Background information
- Born: Jahméne Douglas 26 February 1991 (age 35) Birmingham, England
- Genres: R&B, soul, gospel
- Occupations: Singer, Songwriter, Poet, Activist, Graphic Designer & Photographer
- Instrument: Vocals
- Years active: 2012–present
- Labels: RCA (2012–2014) Moonshot Music (2014–2017) Independent Artist (2018-Present)
- Website: https://www.instagram.com/jahmeneofficial/

= Jahméne =

British singer, songwriter, activist, and poet

Jahméne Douglas (born 26 February 1991) is a British soul/gospel singer who records under the mononym Jahméne. (Pronounced: Jah-main.) He finished in second place on the ninth series of The X Factor in 2012.

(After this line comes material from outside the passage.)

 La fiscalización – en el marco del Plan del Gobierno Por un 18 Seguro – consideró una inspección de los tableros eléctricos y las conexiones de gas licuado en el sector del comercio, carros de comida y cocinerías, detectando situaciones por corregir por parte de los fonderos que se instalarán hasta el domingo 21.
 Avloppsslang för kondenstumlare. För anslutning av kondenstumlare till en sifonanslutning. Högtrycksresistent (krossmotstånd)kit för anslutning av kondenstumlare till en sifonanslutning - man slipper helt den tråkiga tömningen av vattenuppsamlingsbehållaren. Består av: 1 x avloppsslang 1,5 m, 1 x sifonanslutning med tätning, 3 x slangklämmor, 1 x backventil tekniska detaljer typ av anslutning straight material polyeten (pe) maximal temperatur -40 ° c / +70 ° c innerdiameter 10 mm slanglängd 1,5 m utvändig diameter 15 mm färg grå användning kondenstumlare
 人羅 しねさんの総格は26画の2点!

In December 2012, he signed a record deal with Sony Music. In July 2013, he released his debut studio album, Love Never Fails, which peaked at number one on the UK Albums Chart and included appearances from Nicole Scherzinger, in a duet of "The Greatest Love of All", and Stevie Wonder, who lent his harmonica skills on "Give Us This Day".

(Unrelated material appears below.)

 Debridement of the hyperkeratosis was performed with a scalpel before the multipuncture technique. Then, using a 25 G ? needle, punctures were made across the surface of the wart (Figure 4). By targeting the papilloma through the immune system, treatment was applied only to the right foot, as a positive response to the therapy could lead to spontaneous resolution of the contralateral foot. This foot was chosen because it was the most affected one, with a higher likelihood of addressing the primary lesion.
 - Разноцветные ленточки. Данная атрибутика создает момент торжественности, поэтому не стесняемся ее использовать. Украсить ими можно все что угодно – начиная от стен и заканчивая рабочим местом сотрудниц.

In September 2014, Jahméne signed his second deal with Independent Label Moonshot Music and released his second album, Unfathomable Phantasmagoria, in September 2016.

==Personal life==
Jahméne Douglas was born in Birmingham to Mandy Thomas and Eustace Douglas. He is of mixed heritage which includes St. Kitts (Caribbean), Welsh and English. He was the first youth ambassador of the UK charity Women's Aid, for children and young people.

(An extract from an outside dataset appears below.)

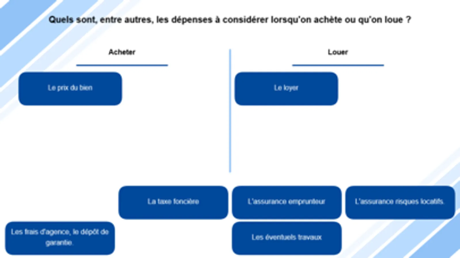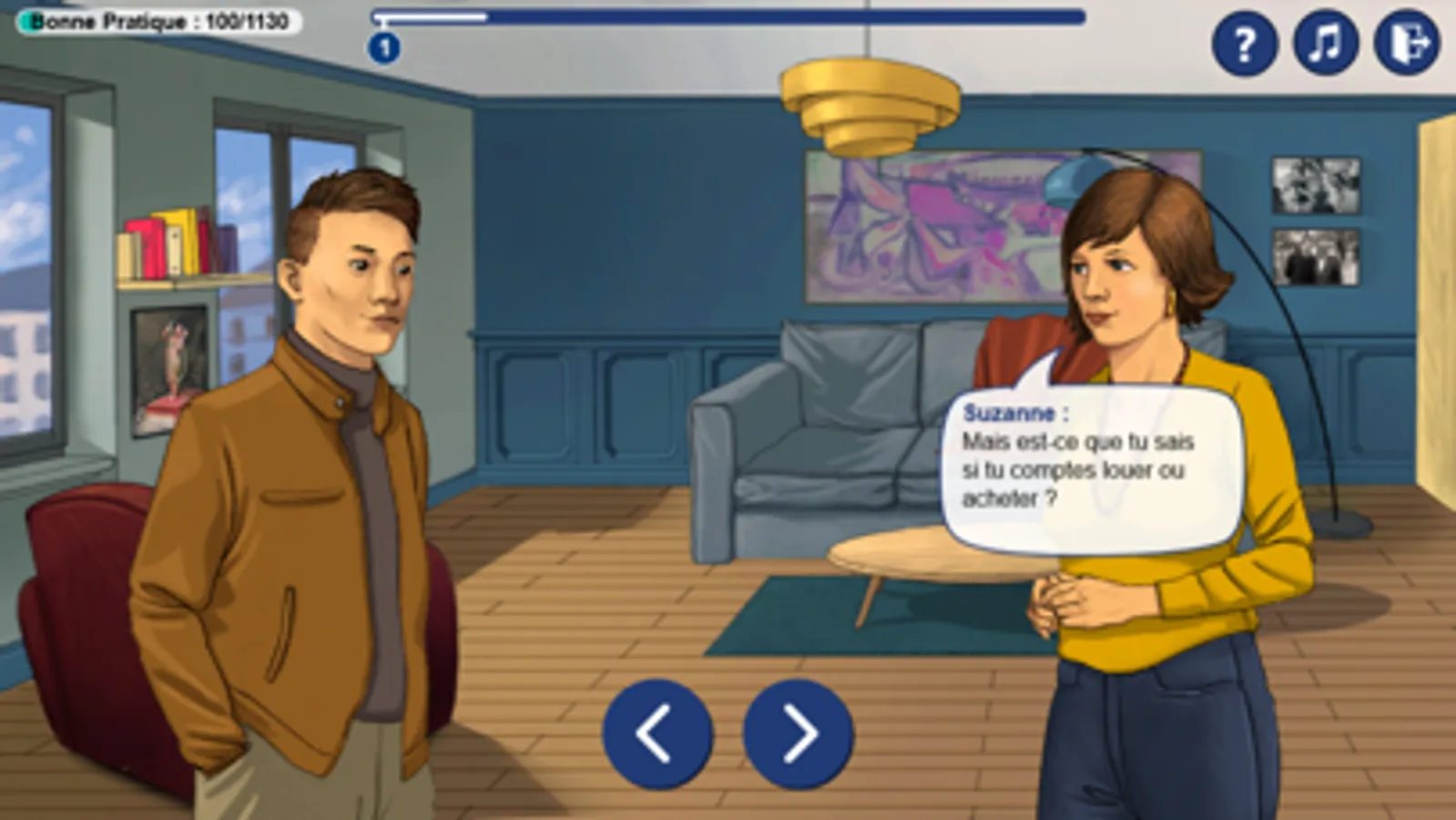 Le jeu comprend sept séquences : je suis étudiant, j'entre dans le monde du travail, j'achète ou je loue un bien immobilier, je m'installe en couple, un enfant arrive, j'ai perdu mon emploi... À toi de choisir la ou les séquence(s) qui t’intéresse le plus

Jahméne, along with his mother Mandy Thomas, were subjected to prolonged and severe physical, emotional, and psychological abuse by his father. In 2008, Jahméne’s eldest brother, Daniel, tragically died by suicide following the early release of their father from prison.

In 2012, Jahméne Douglas emerged as a voice in the fight against domestic violence, using his public platform to advocate for survivors and challenge the stigma surrounding abuse. Alongside his mother, Mandy Thomas, he has worked to bring the often-silenced issue into mainstream conversation, helping to shift public attitudes through television appearances, interviews, and campaigns. Jahméne has been the Ambassador and advocate for important causes such as: Women’s Aid, Childline, Peace One Day and NSPCC.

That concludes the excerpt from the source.